TASK TO CARRY OUT: Take the lines from the head of the listing through the one bearing "天眼新闻客户端:两会议事厅|陈前林委员:多措并举强化大宗工业固废治理" and copy them exactly, leaving every picture out.

START RAW DATA

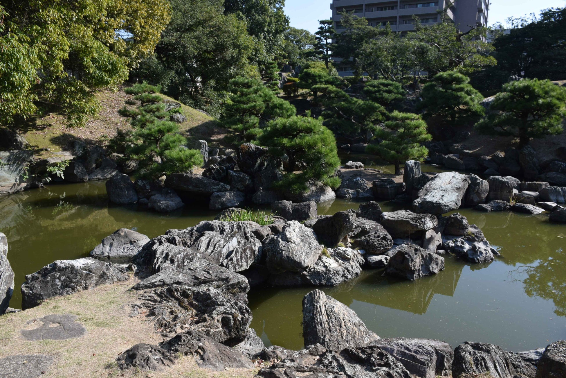 昭和16年12月13日に国の名勝に指定されました。この庭園は、旧徳島藩主蜂須賀公の居間や表書院の庭として造られたものです。武将で茶人の上田宗箇作庭の枯山水庭(書院の庭)と築山泉水庭(居間の庭)の二庭からなる観賞式と池泉廻遊式を兼ね具えた桃山様式を伝える名庭です。
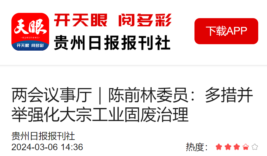 天眼新闻客户端:两会议事厅|陈前林委员:多措并举强化大宗工业固废治理
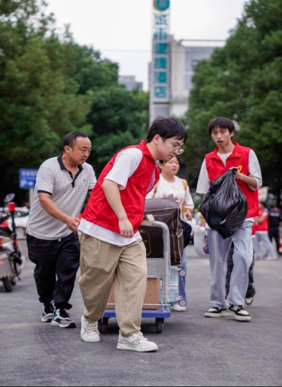 为了保证开学工作顺利进行,学校安排学生错峰到校报到,大学生志愿者倾注爱心和奉献,在服务中贴“新”、温馨高效。他们将一袋又一袋的行李、一箱又一箱的衣物和物品搬运到宿舍,来回穿梭在校园中,他们活跃的身影,在校园里呈现了一道团结互助友爱靓丽风景线。
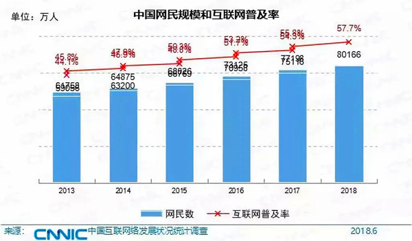 截至2018年6月,我國網民規模為8.02億,上半年新增網民2968萬人,較2017年末增加3.8%,互聯網普及率達57.7%。

END RAW DATA

SOLUTION TO THE PROBLEM:
 昭和16年12月13日に国の名勝に指定されました。この庭園は、旧徳島藩主蜂須賀公の居間や表書院の庭として造られたものです。武将で茶人の上田宗箇作庭の枯山水庭(書院の庭)と築山泉水庭(居間の庭)の二庭からなる観賞式と池泉廻遊式を兼ね具えた桃山様式を伝える名庭です。
 天眼新闻客户端:两会议事厅|陈前林委员:多措并举强化大宗工业固废治理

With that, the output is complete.